_Work to complete_
Reproduce, from the lines below, exactly the stretch that begins at the line containing "教育部最新数据显示,我国各级" and ends at the line containing "Per velocizzare l'accesso", both included.
**** Data records
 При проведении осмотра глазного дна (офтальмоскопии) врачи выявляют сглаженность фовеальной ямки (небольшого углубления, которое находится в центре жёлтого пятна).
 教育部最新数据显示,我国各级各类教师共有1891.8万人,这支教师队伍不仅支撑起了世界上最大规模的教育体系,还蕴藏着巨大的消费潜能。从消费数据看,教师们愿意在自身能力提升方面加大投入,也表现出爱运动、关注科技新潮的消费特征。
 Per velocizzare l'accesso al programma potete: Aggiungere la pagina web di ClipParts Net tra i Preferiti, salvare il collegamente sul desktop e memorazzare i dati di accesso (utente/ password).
********
**** Data records
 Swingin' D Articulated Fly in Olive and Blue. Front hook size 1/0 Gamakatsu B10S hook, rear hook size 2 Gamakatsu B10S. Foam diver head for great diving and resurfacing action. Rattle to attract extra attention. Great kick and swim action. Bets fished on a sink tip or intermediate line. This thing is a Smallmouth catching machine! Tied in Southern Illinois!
********
**** Data records
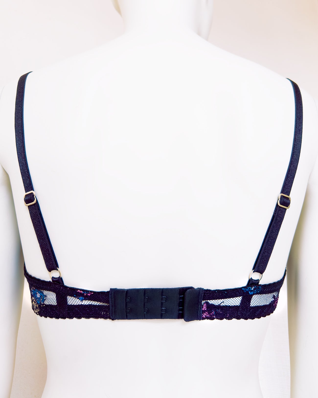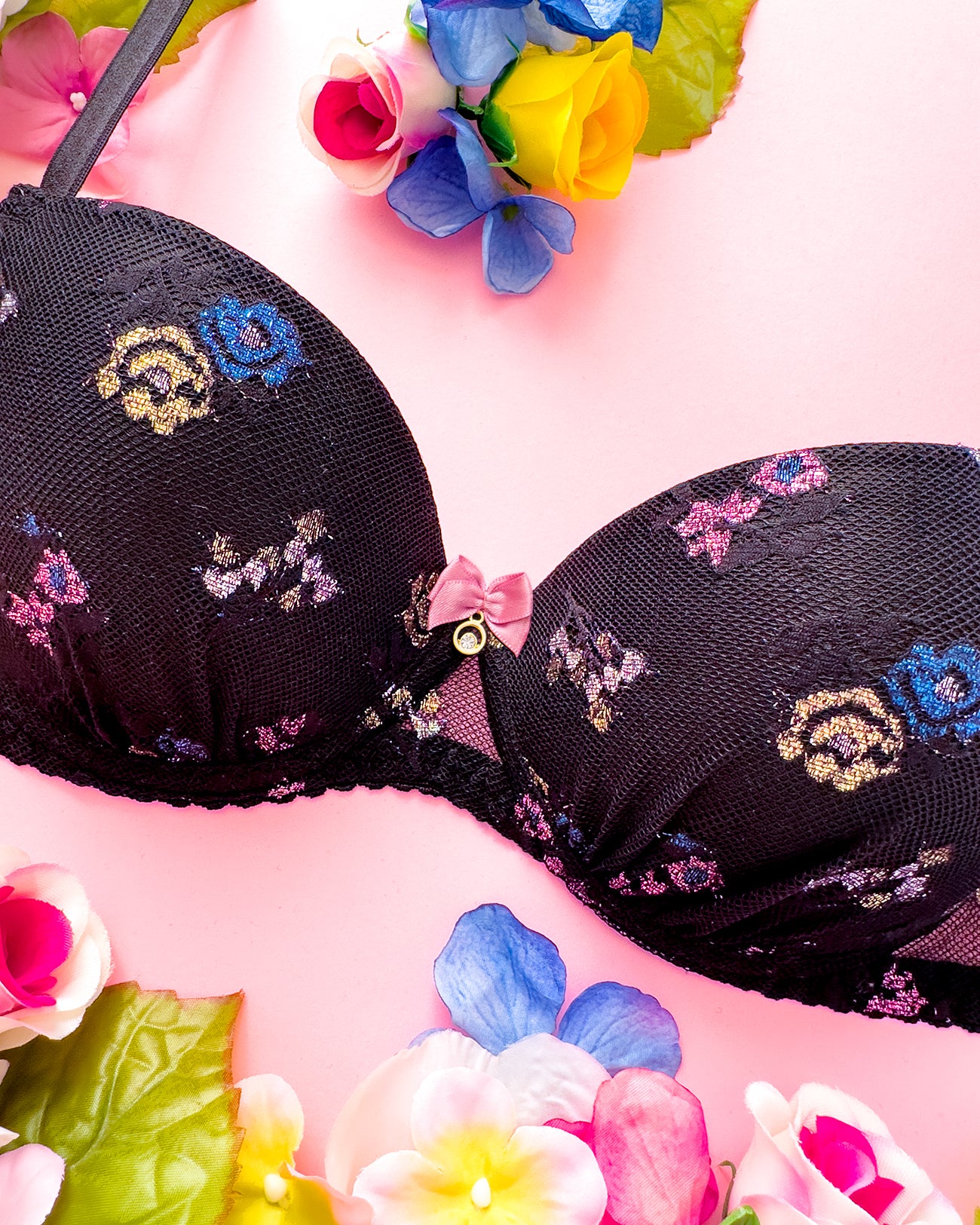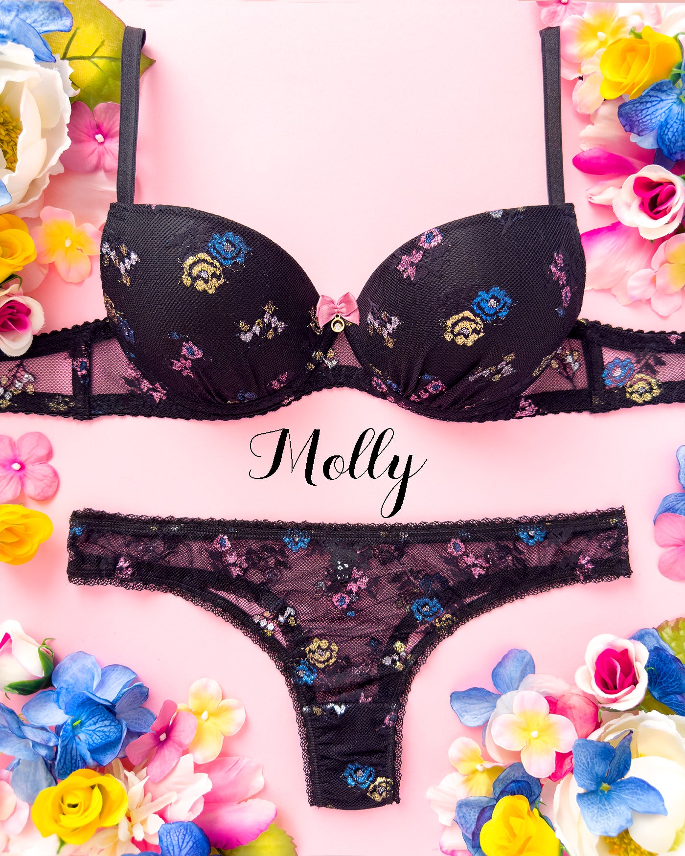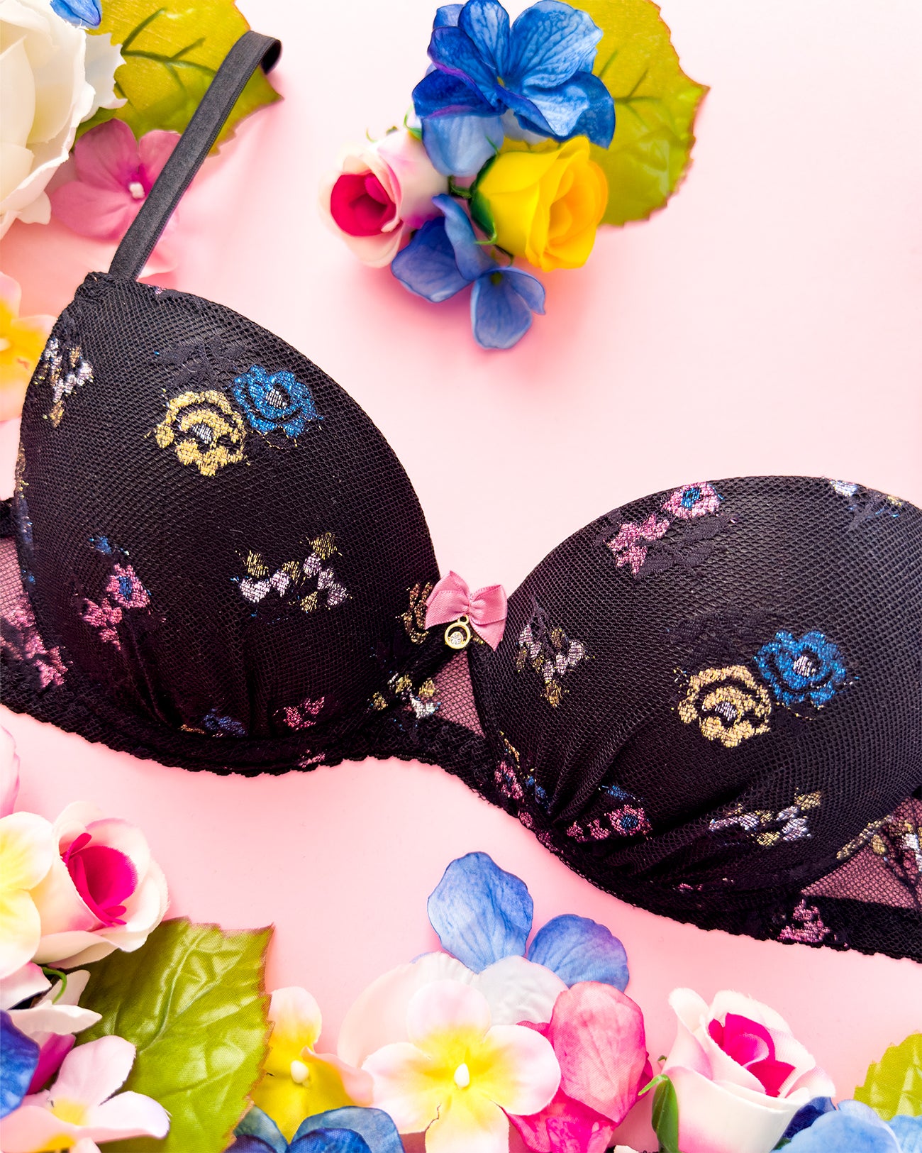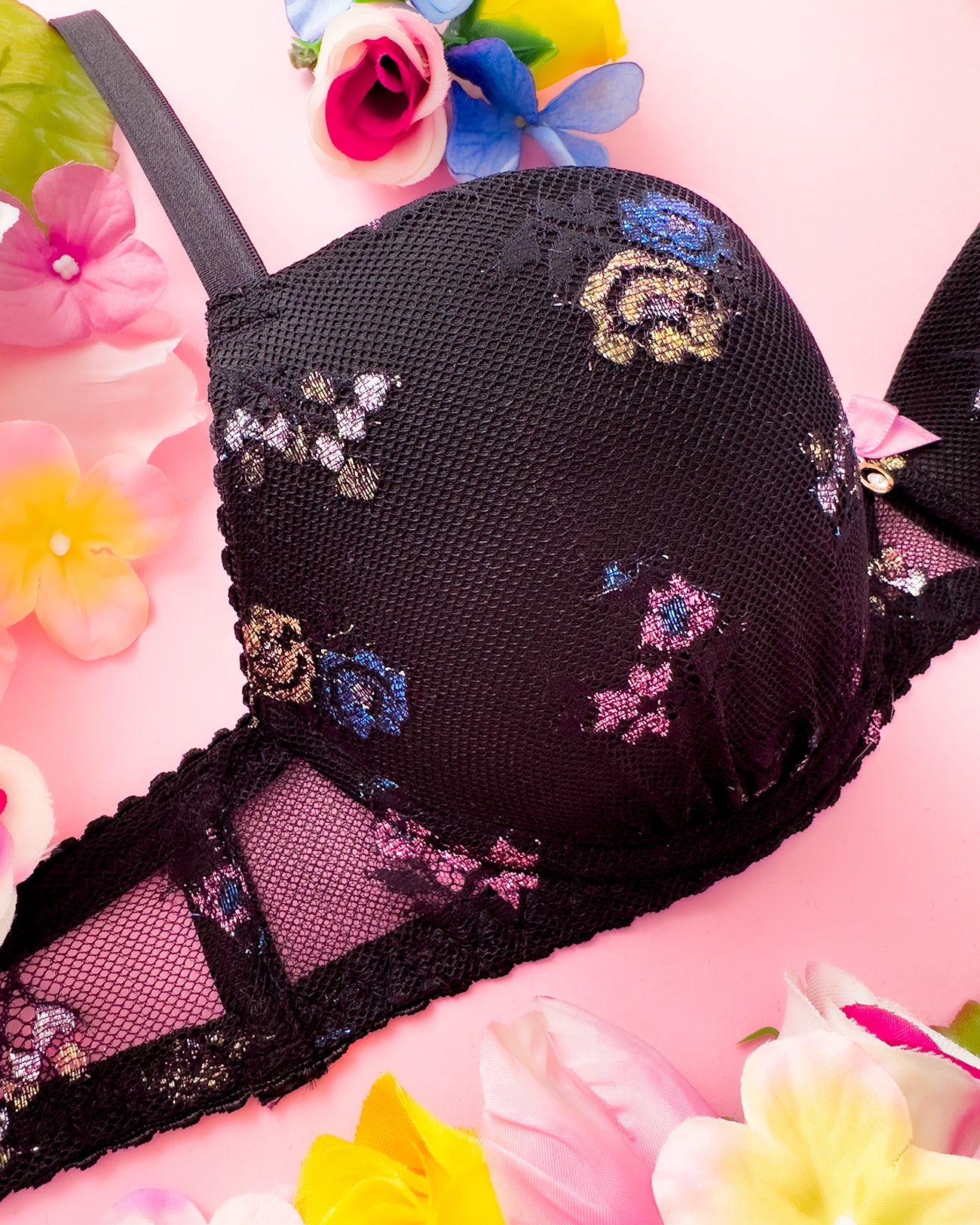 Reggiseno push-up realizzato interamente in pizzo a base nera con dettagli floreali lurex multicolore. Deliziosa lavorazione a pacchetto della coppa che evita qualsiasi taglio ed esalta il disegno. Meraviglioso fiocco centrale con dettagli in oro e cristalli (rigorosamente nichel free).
********
_Expected output_
 教育部最新数据显示,我国各级各类教师共有1891.8万人,这支教师队伍不仅支撑起了世界上最大规模的教育体系,还蕴藏着巨大的消费潜能。从消费数据看,教师们愿意在自身能力提升方面加大投入,也表现出爱运动、关注科技新潮的消费特征。
 Per velocizzare l'accesso al programma potete: Aggiungere la pagina web di ClipParts Net tra i Preferiti, salvare il collegamente sul desktop e memorazzare i dati di accesso (utente/ password).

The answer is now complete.